Additional exercises for flexibility

This exercise should be carried out not only with osteochondrosis of the cervical spine, but also, in principle, at the onset of 30-40 years. At this age, the degradation of muscle fibers begins, the loss of flexibility especially increases, if you do not engage in your physical form.

  1. Stretch your chin towards your chest, help your head with your hands.
  2. Use your hands to tilt your head to the side so that your ear touches your shoulder. Stretch the side of your neck with your hand.

That's enough. And remember what you can't do with cervical osteochondrosis - work through the pain.

Massage elements

When your head hurts or your neck is stiff, you can grind and knead your muscles.

Remember:

  1. The muscle that holds our head is attached to the back of the head. Run your index and middle fingers over the muscle in the back of the head and down, applying moderate pressure (so it doesn't hurt, but it's nice). Sweep this muscle down to shoulder level.
  2. Now we feel the trapezoids with our hands and knead them. The trapeze is located between the neck and the shoulder from the back. After such simple manipulations, you seem to be reborn.
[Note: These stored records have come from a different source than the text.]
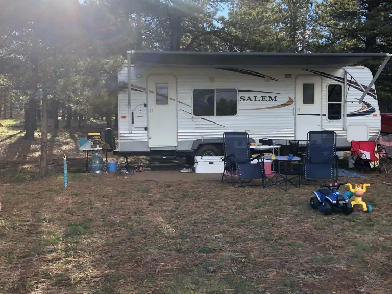 2012 Forest River Salem 22RKS. This trailer has a Queen bed in the rear of the trailer with storage above and underneath the bed. The dining table folds down to a twin bed and the couch pulls out to a full bed. There is a 32” Smart TV mounted in the front above the dining table. If internet or a hot spot is available it has several apps for television. It also has a DVD player for movies. There is a hot water heater, propane stove and oven, microwave, and a fridge and freezer. The kitchen and bathroom are both newly remodeled. Heater and Air conditioning both work. We provide extra water, coffee pot, cooking pans, and rugs for the outside. What's includedCooking utensils, extra water, coffee pot, outdoor rugs for below the steps, side table for handwashing station, linens for the bed, and soap for the kitchen and bathroom. We will send a more detailed list upon booking.
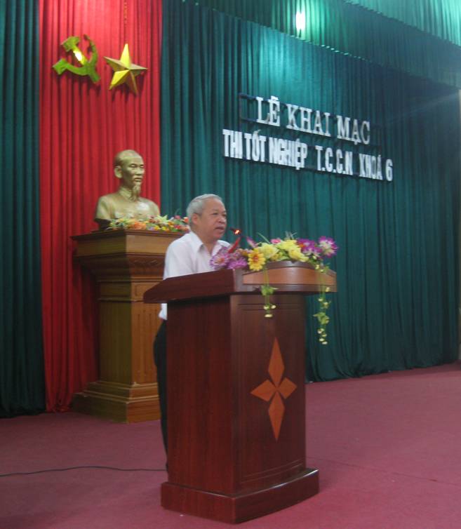 Tại buổi khai mạc, thầy giáo Tô Văn Hưởng đã phát biểu và căn dặn Cán bộ giáo viên cùng 318 học sinh thực hiện kỳ thi nghiêm túc, đạt kết quả cao.
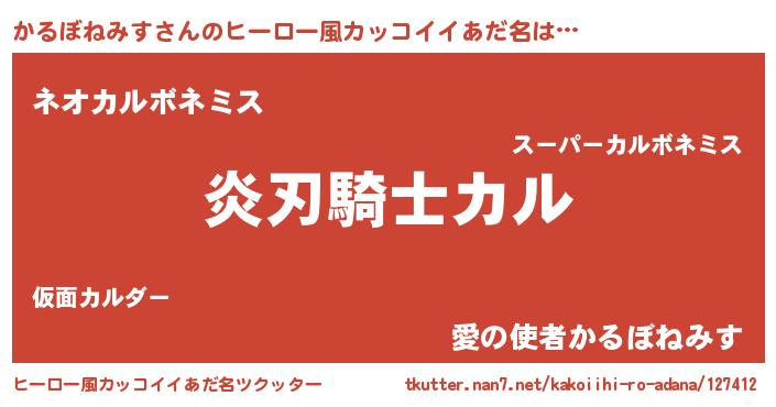 | 男性向けラノベタイトル風あだ名 | 『かるぼねみすに滅ぼされるだけの簡単なお仕事です』 |
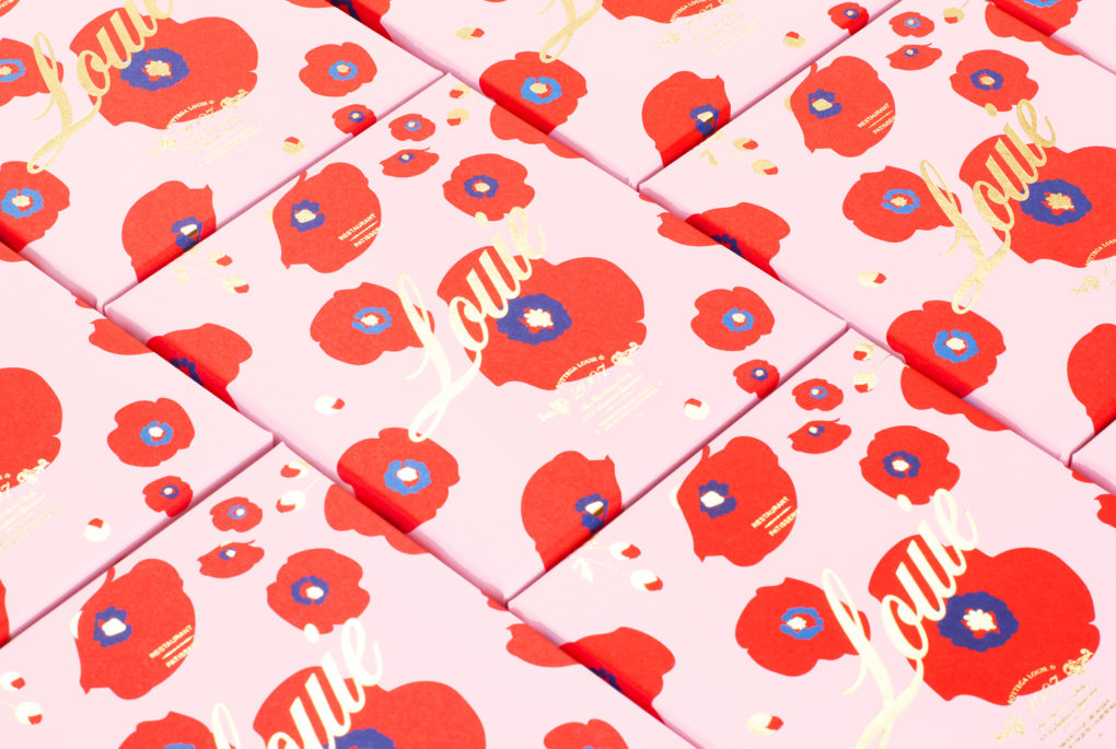 Fashion is a huge inspiration. We started designing this box in January when pre-spring lines were previewing illustrative florals in rich, contrasting patterns. Vivienne Westwood, Stella McCartney, Gucci, and Kenzo were inspirations, to name a few. I had started with illustrating a beautiful Helleborus odorus flower, but it was overly delicate and an obvious design for a Bottega Louie summer macaron box. The poppy illustration started with more detail and tonal variation but through the editing process, the design started to felt more contemporary as it moved away from literal and became more and more abstracted. Marimekko is an excellent reference of how to really nail simplicity in patterns.

Among other things, make sure your neck is not breathing. After the massage, she is warmed up and more vulnerable to the cold than ever.

And, finally, we remind you that if cervical osteochondrosis manifests itself acutely, it is not necessary to do therapeutic exercises.

To sum up: if you do the exercises listed in the article, the osteochondrosis of the cervical spine will not go away completely (after all, the cartilage is already damaged), but the condition will improve noticeably, clamps, symptomspain will go away, the disease will stop progressing. So you can forget about this unpleasant disease and live a full life.

But remember that neck exercises for osteochondrosis should be done regularly.